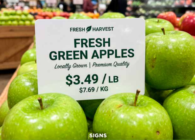
YUPOFOOD FDR 250
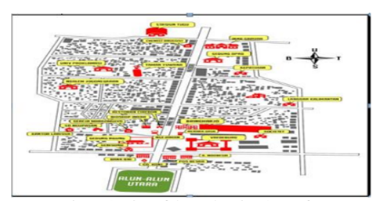
Figure 1: Plan of the Pedestrian Area of Malioboro Street

Nowadays, after 248 years, Malioboro street is very crowded and busy because there are many street vendors, artists, tourists and locals shopping and enjoying the city. They walk, sit and watch angklung art performances, culinary hunting or doing cultural and historical tours.
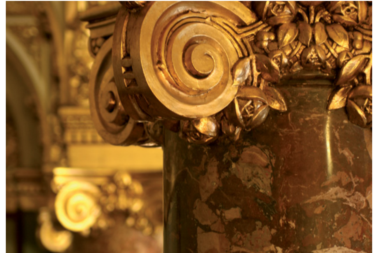
Gilded column head in Neo-Gothic style

* **WHAT THE TASK ASKS**: Your task is to restate word for word the lines from the top of the data to the line containing "Figure 1: Plan", both ends included, with every picture left out.

* **TASK ANSWER**:
YUPOFOOD FDR 250
Figure 1: Plan of the Pedestrian Area of Malioboro Street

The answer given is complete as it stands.